Los Derechos Humanos, a partir del preámbulo, establecen “el reconocimiento de la dignidad intrínseca y de los derechos iguales e inalienables de todos los miembros de la familia humana”. Las separaciones de derechos no deben tener lugar (25% sí, 75% no). El mismo preámbulo insiste en el reconocimiento y aplicación universal y efectivo de los derechos consagrados en la Declaración firmada por todos los países que pertenecemos a la ONU. En ella se insiste en que toda persona tiene derecho “a los seguros en caso de desempleo, enfermedad, invalidez, viudez, vejez u otros casos de pérdida de sus medios de subsistencia” (Art. 25). A partir de este artículo la OIT ha desarrollado toda una serie de convenios, algunos de los cuales no hemos ratificado. También somos signatarios del Pacto Internacional de Derechos Económicos, Sociales y Culturales, en cuyo artículo 9 se establece el derecho de toda persona a la seguridad social e incluso, en concreto, al seguro social. Pero una cosa parece ser lo que se firma, y otra el modo de caminar concreto de nuestro país respecto a derechos que reconocemos como universales.

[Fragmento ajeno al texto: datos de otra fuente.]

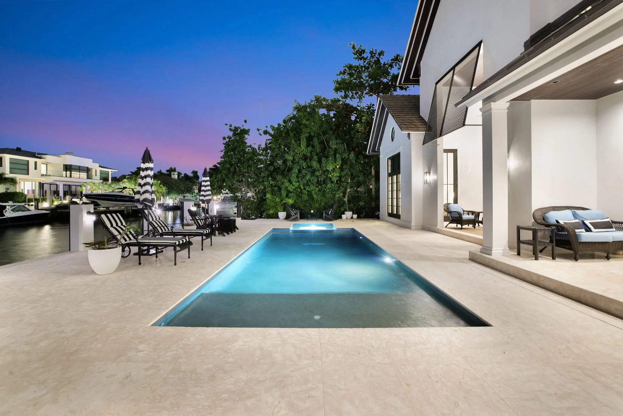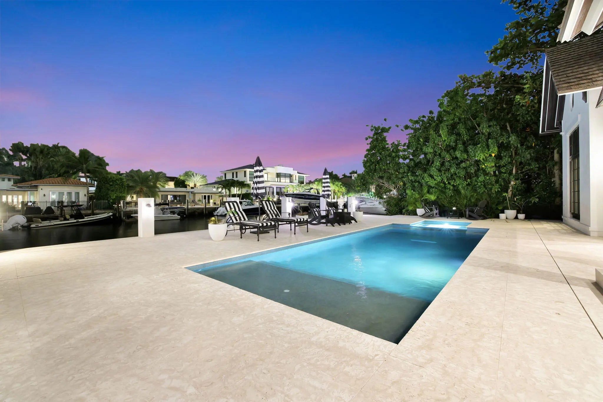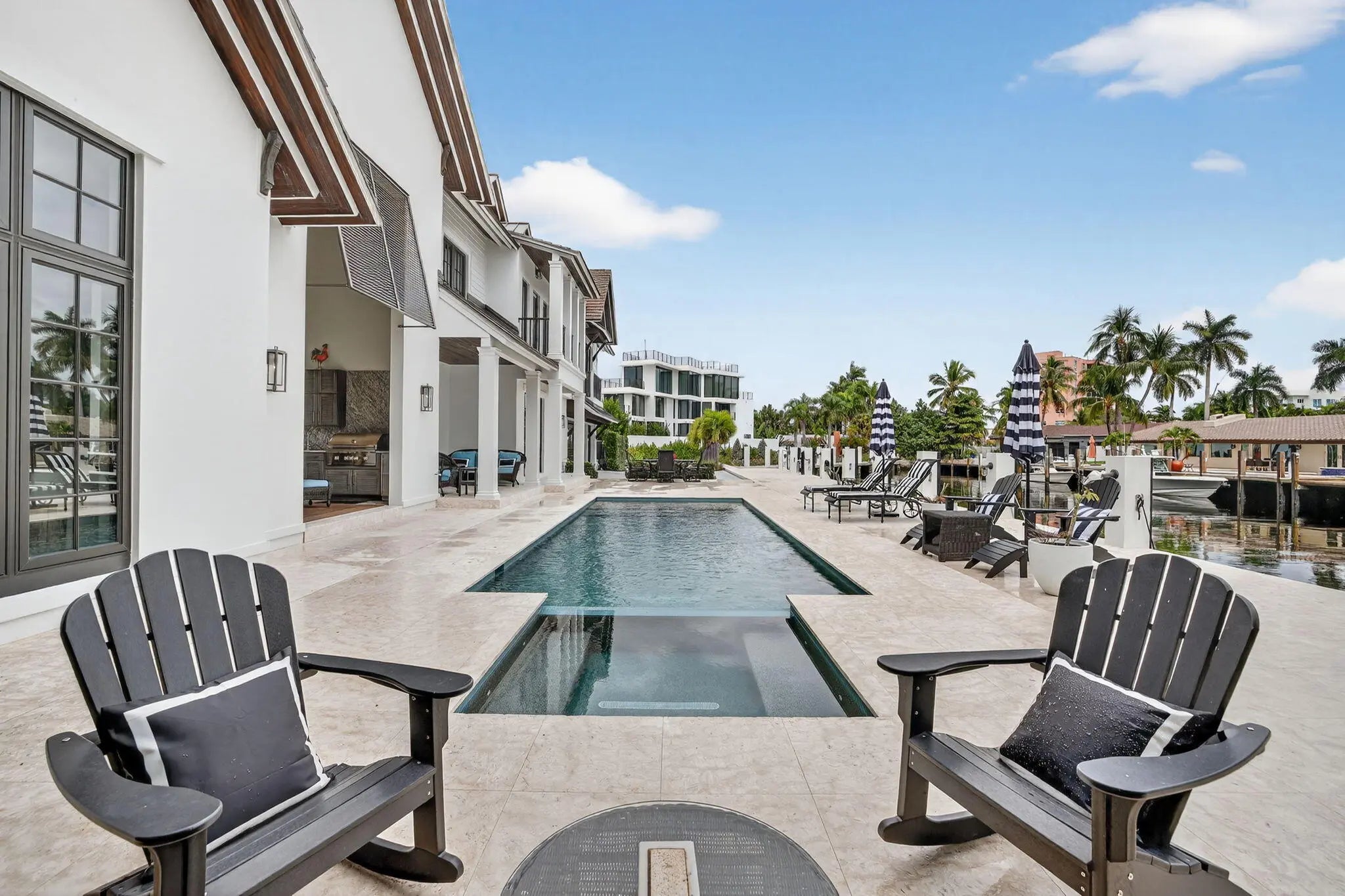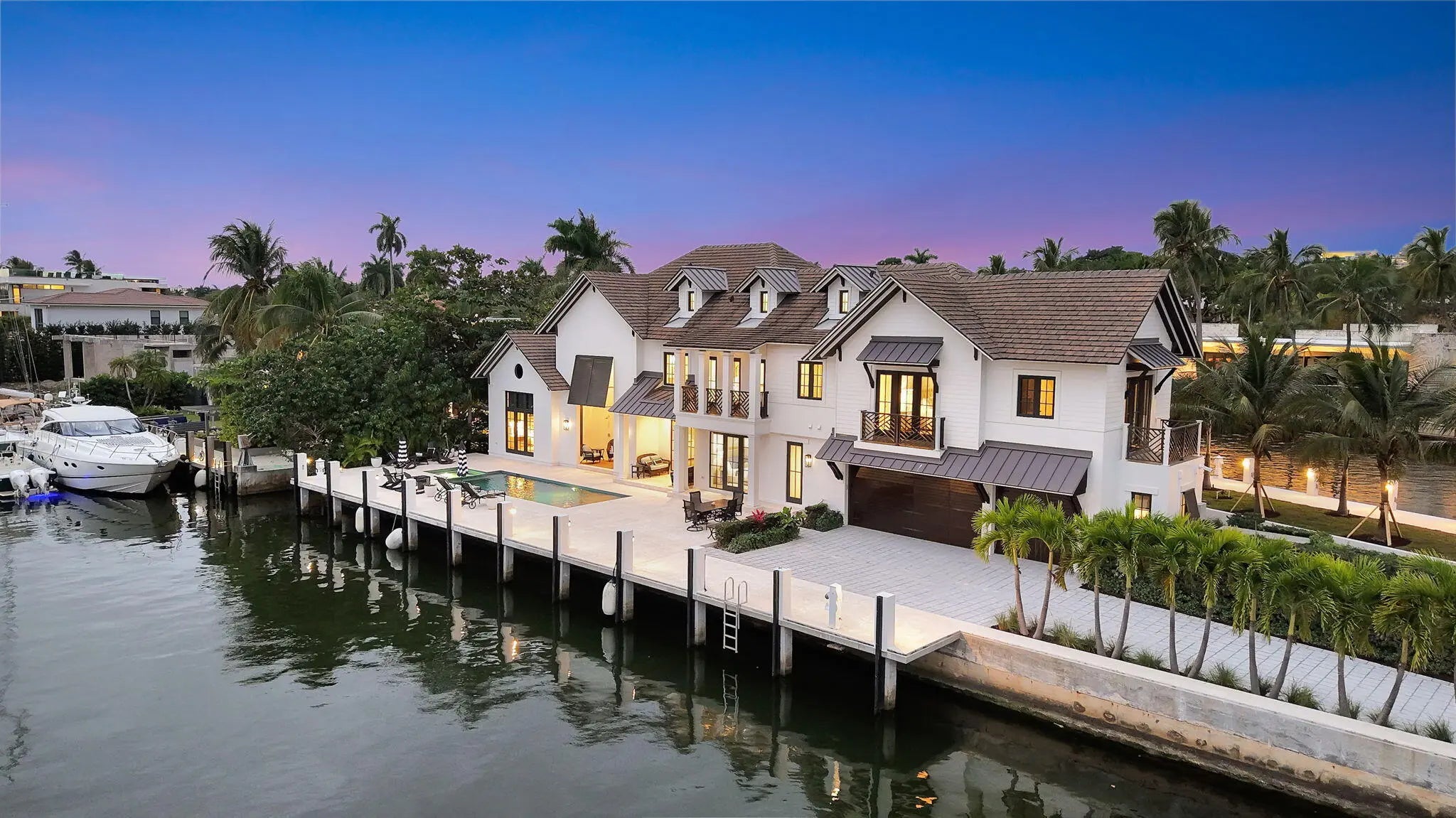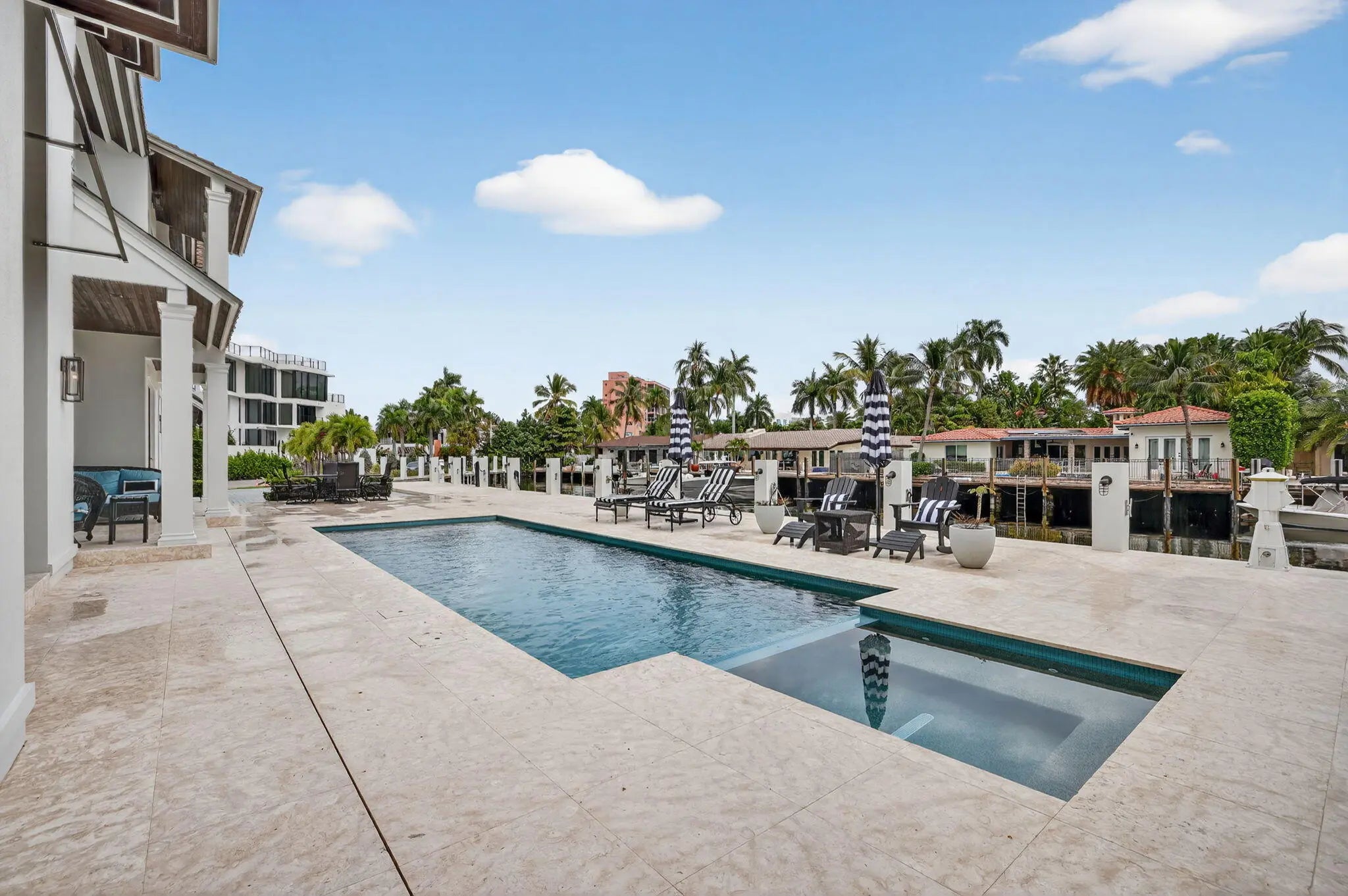 Available for Lease! Create your own private luxury marina environment just off Las Olas! 376 ft of deep-water dockage on two wide canals allows comparable dockage to point properties! Main residence 168ft & separate west dock 208ft & 3-phase power. Enjoy supreme privacy & great Las Olas proximity, surrounding multi million-dollar residences. British West Indies-inspired architecture, high-quality custom build & detailing throughout, welcoming great room with vaulted ceiling, chef's kitchen, two primary suites (main suite 1st level), guest suite, laundry & guest bath. The 2nd level comprises an additional primary suite (or Captain's Quarters), an open office, and two additional large bedroom suites. Entire 3rd-level, large, private bedroom suite. Also for Sale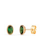18K PENDIENTES ORO AMARILLO OVAL PIEDRA VERDE BORDES BOLITAS. MEDIDA: 6 X 4MM. CIERRE PRESION

Esta situación de marcada desigualdad en una buena cantidad de derechos fundamentales debe cambiar. Unos derechos, como el educativo, están marcados por la exclusión de muchos en algunas etapas y la desigualdad en calidad. El derecho a la salud se brinda también, a nivel público, con un marcado sesgo de desigualdad en la calidad de los servicios. En las pensiones, aparte de la profunda desigualdad entre las mismas, la exclusión es lo que domina. Y con el agravante de haber cargado el sistema de pensiones con una serie de megapensiones mientras la mayoría en edad pensionable está totalmente excluida del sistema. Probablemente los cambios inclusivos tendrán que ser parte de un proceso que llevará algún tiempo. Pero lo que resulta intolerable es la exclusión absoluta de la mayoría de los ancianos en el sistema de pensiones y la tranquilidad con que dejamos al margen del derecho a una ancianidad digna a un enorme número de ancianos salvadoreños. Introducir en el debate a los excluidos, empobrecidos y olvidados, mayoría ciudadana muchas veces, es deber de humanidad y de coherencia con nuestras propias leyes.